▶ _Information shown_
• • • • •

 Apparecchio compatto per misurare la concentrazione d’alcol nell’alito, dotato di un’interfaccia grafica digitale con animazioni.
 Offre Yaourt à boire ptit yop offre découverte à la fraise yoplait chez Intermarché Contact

• • • • •

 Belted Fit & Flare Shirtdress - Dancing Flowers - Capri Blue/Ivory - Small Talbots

• • • • •

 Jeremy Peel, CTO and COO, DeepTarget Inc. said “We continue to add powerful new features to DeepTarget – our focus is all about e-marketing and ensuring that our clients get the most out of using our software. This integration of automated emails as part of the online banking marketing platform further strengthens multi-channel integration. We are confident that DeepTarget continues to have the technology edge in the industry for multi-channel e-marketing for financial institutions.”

• • • • •

In the material above, find the line containing "Apparecchio compatto per" and the line containing "Offre Yaourt à", then write out exactly those two lines and every line between them, and nothing more.

 Apparecchio compatto per misurare la concentrazione d’alcol nell’alito, dotato di un’interfaccia grafica digitale con animazioni.
 Offre Yaourt à boire ptit yop offre découverte à la fraise yoplait chez Intermarché Contact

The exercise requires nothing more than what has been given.